Commercial Distilled Models (as of March 2026)#

Model	Likely Teacher	Parameters	Cost Reduction	Performance Retained
GPT-5-mini	GPT-5	Undisclosed	~50x cheaper	~82% of GPT-5
GPT-5-nano	GPT-5	Undisclosed	~100x cheaper	~70% of GPT-5
GPT-4o-mini	GPT-4o	~8B (est.)	60x cheaper	~82% of GPT-4o
Gemini 2.5 Flash	Gemini 2.5 Pro	Undisclosed	~8x cheaper	~90% of Pro
Gemini 2.0 Flash	Gemini 2.0 Pro	Undisclosed	10x cheaper	~88% of Pro
Claude 4 Haiku	Claude 4 Sonnet	Undisclosed	~8x cheaper	~83% of Sonnet
Claude 3.5 Haiku	Claude 3.5 Sonnet	Undisclosed	10x cheaper	~80% of Sonnet
Mistral Small	Mistral Large	22B	6x cheaper	~78% of Large
Qwen-Turbo	Qwen-Max	Undisclosed	10x cheaper	~80% of Max

Key insight: Almost every "mini," "nano," "flash," "haiku," or "turbo" model in your API is a distilled version of a larger model. When you call GPT-5-mini, you're using distillation. Even Meta's Llama 4 Scout and Maverick were distilled from the unreleased Behemoth model.

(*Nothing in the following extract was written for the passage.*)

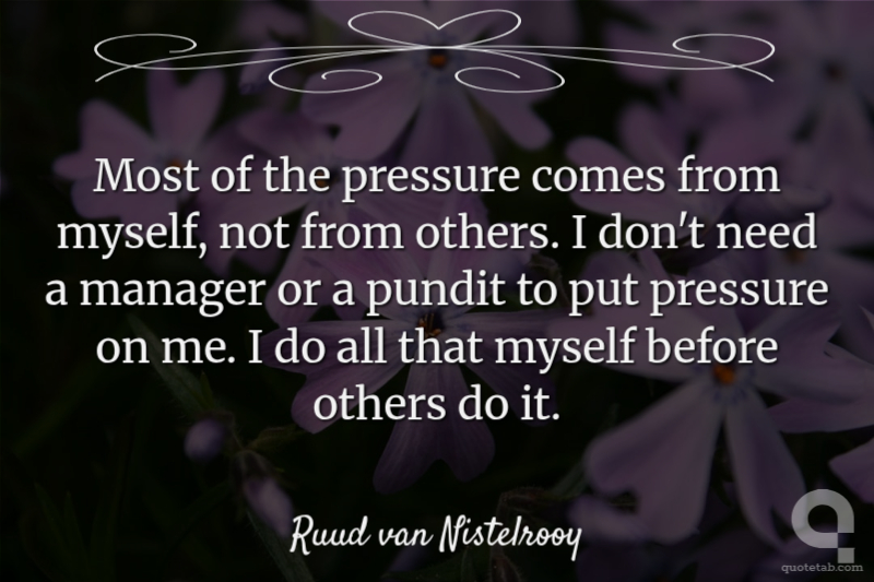 Most of the pressure comes from myself, not from others. I don't need a manager or a pundit to put pressure on me. I do all that myself before others do it.

The Controversy: When Distillation Becomes Theft#

Distillation sits in a legal and ethical gray zone. Here's the tension:

The Anthropic vs DeepSeek Case#

In early 2025, Anthropic published evidence suggesting DeepSeek had:

Made 16 million API calls to Claude
Used Claude's outputs (including reasoning chains) as training data
Trained competing models that exhibited Claude-like behavior patterns

DeepSeek acknowledged using outputs from multiple frontier models as part of their training pipeline — a practice that technically violates most API terms of service.

Who Allows Distillation?#

Provider	Policy on Output Distillation	Enforcement
OpenAI	❌ Explicitly prohibited (except for fine-tuning their own models)	Active monitoring
Anthropic	❌ Prohibited for training competing models	Legal action threats
Google	❌ Prohibited for most Gemini outputs	Terms of Service
DeepSeek	✅ Explicitly allows distillation of R1 outputs	Open license
Meta (Llama)	⚠️ Allowed with restrictions (no training >700M param models with Llama 2)	Community license
Mistral	✅ Apache 2.0 for most models	Fully open
Qwen	✅ Allows distillation	Open license

The Academic Perspective#

Researchers largely view distillation as a legitimate and essential technique:

It democratizes access to AI capabilities
It enables deployment on edge devices
It's a natural part of the "knowledge cascade" in ML

The Commercial Perspective#

Companies that invested billions in training frontier models see unauthorized distillation as:

Intellectual property theft
Unfair competitive advantage
A threat to their business model

The uncomfortable truth: The entire open-source AI ecosystem — from Alpaca to DeepSeek-R1-Distill — was largely built by distilling proprietary models. Whether this is innovation or theft depends on who you ask.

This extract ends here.